Ten years ago I read Wildwood—the young-adult series illustrated by Ellis and written by Ellis’ husband Colin Melloy—to my sister. We are reading another story together now that I am 25 and  my sister is 15. My mother is 45, but was 25 in Portland once. She is transported to that time by a playful wrestling scene on a floor-mattress littered with emerald Heinekens and another of an especially “Portland-y” looking bar-crowd. Though they capture an age my sister hasn’t lived yet, the hand that embellished so much of her childhood has created pictures she can grow into. I try to not identify with what I see, to compare Ellis’s version of being 25 in Portland to the one I’m living in. Instead I take in how it might feel to illustrate one’s friends and whereabouts decades later. My heart aches looking at three dead-on portraits of different faces, and again at a scene of two silhouetted figures climbing a firescape at twilight, seemingly guided by the glowing ends of their cigarettes. In the decades between life and painting, some people and places have been lost irretrievably. Some love is enduring. All of it changes, mostly in predictable ways, but it’s emergently painful nonetheless.

I’m not uniformly interested in everyone’s everyday lives. I do consider the almost universal impulse to document daily details as one of the profoundly endearing qualities of humankind. I am thankful for Ellis’s contribution. It has returned me to the quotidian, more attentive and grateful. Why I felt I had to leave it, I don’t know.

Reflection: What are the stories you’ve grown up with and grown into?

Vaginal Davis and ektor garcia: There’s Something About Maria
September 20 to October 19, 2024
Adams and Ollman, Portland, OR

There’s something daunting, something sacrosanct about Vaginal Davis and ektor garcia’s, There’s Something About Maria. I confess, I haven’t been in person yet. I’m working up the courage.

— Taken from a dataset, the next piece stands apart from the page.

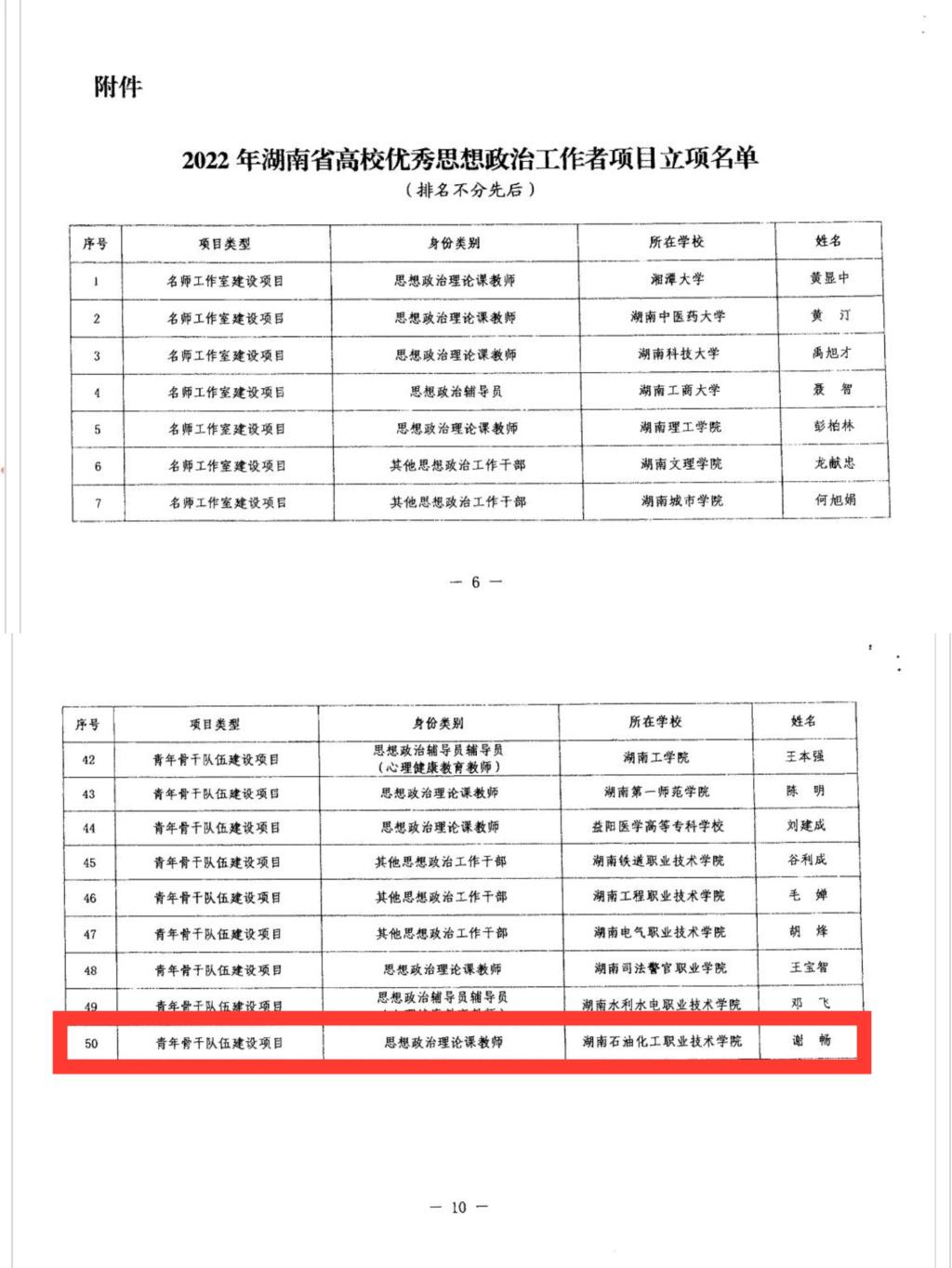 在湖南省2022年“芙蓉计划”—高校优秀思想政治工作者项目评选中,马克思主义学院谢畅老师成功获立青年骨干队伍建设项目,并授予“芙蓉学者·高校优秀思想政治工作者”称号。

Hanging throughout the reddish pink gallery walls are small portraits, each painted by Davis with makeup on paper previously used for keeping notes. These are still legible. They are portraits of women named Mary. Mary Wollencroft. Yvonne Elliman as Mary Magdalene in Jesus Christ Superstar. Mary Stuart Queen of Scots. Mary Shelley. Marie Laveux. There are others. 

Hanging around them are garcia’s floral crocheted nets of copper, wool, and ceramic. The labor of treating copper as a fiber seems impossible to me until I remember copper sponges have been used for cleaning homes for centuries. Maybe this labor is impossible and commonplace. Elsewhere, banners of black crochet lace hang and I’m reminded of my lola’s mourning clothes which have come in and out of rotation this year. She is Maria (Maria Ellena) too. 

If I have a daughter, this will likely be her name.

Already, there is too much to say. Some Mary’s are prayed to more than others. When one Maria is said, you say all the others. The name indexes a holy mother who for many today is lost to secularization. In honoring all its invocations and attributions, the name Mary or Maria becomes a point of access to another kind of worship, one that imagines grocery lists as sacred texts and returns us to the Mary’s we know.

Reflection: What spaces are sacred to you?